CCCR 2020 - Global Justice and Global Catastrophic Risk: between error and terror

Published on 11 December 2020

Global Justice and Global Catastrophic Risk: between error and terror.

One of the most enduring legacies of Our Final Century? has been its consideration of the role that individuals play in bringing about global catastrophes, whether by accident (error) or on purpose (terror). The book makes a strong case that error is at least as troubling as terror and that many scientists are insufficiently concerned with the safety of their research. However, are there other ways in which individuals affect the level of risk we face that are still being ignored?
This panel considers one driver of global risk that falls somewhat between error and terror: global injustice. Global inequality and structural discrimination profoundly affect how risks are perceived, who can respond to them, what incentives people face to operate safely and how likely humanity is to recover from a global catastrophe.
However, while these injustices often result from the deliberate actions of elites (and are therefore far from error), their effect on global risk are seldom fully appreciated, let alone intended (making them not quite terror either). This panel will consider this important driver of risk and how the GCR research community can better respond to it.

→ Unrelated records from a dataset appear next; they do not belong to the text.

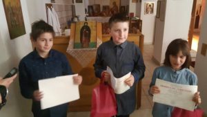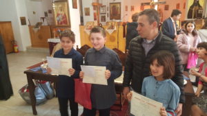 Την Κυριακή 4 Φεβρουαρίου πραγματοποιήθηκε στην αίθουσα δεξιώσεων του Ιερού Ναού Αγίου Νικάνορα, η απονομή των βραβείων στους τέσσερις αριστεύσαντες μαθητές της Ε’ και ΣΤ’ τάξης των Δημοτικών Σχολείων της Π.Ε. Καστοριάς, που συμμετείχαν στο διαγωνισμό συγγραφής έκθεσης που διοργάνωσε για ένατη συνεχομένη χρονιά ο Ι.Ν Αγίου Νικάνορα.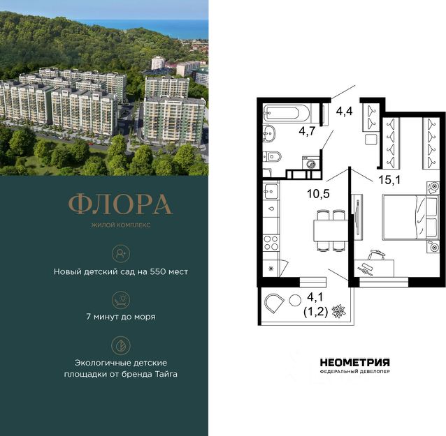 Проект включает в себя 7 жилых корпусов высотой 12 этажей. В подъездах выполнена дизайнерская отделка в светлой цветовой гамме с яркими акцентами, для удобства жителей в местах общего пользования предусмотрена навигация. В каждой секции предусмотрены помещения для хранения велосипедов и колясок с обустроенным местом для мойки колес и лап домашних животных. Покупателям в ЖК предложено множество планировочных решений: в наличии квартиры, как классического типа, так и европланировки. Из окон открываются виды на реку и горы. Квартиры сдаются без отделки. В состав комплекса входит школа на 2 000 мест, детский сад на 550 мест и фитнес-центр. На первых этажах расположены коммерческие помещения. Во дворах установлены детские площадки, спортивные комплексы и деревянные беседки для отдыха. По периметру ЖК ведется видеонаблюдение, к которому можно подключится online при помощи специального приложения для мобильных устройств. Рядом с комплексом располагается благоустроенная набережная реки Кудепста. Комплекс расположен в микрорайоне Кудепста города Сочи. В окрестностях района находится большая плантация пробкового дуба. В пешей доступности есть школы, детские сады, магазины, медучреждения, салоны красоты и места для отдыха. Комплекс расположен в 1,9 км от моря, и 7 км до Сочи.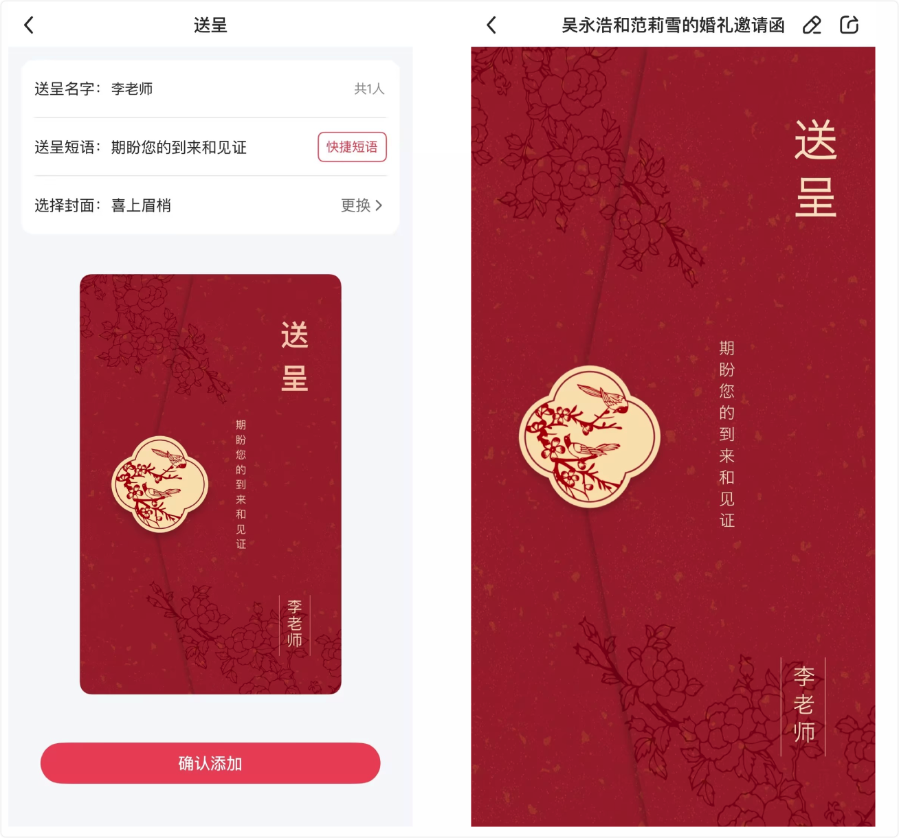 在婚贝请柬可以制作电子邀请函,还可以添加电子送呈页面,分享给专属亲友更得体!

Bentley Allan: Global Inequality and the Energy Transition: State Power, Capital, and Thermodynamics in Catastrophic Risk

Bentley Allan is Associate Professor of Political Science at Johns Hopkins University.

Ndidi Nwaneri: Global inequity (extreme poverty and inequality) and extreme, catastrophic and existential risks.

Ndidi Nwaneri is a Social Development and Public and Policy Consultant and and currently sits on the Executive Board of the International Development Ethics Association.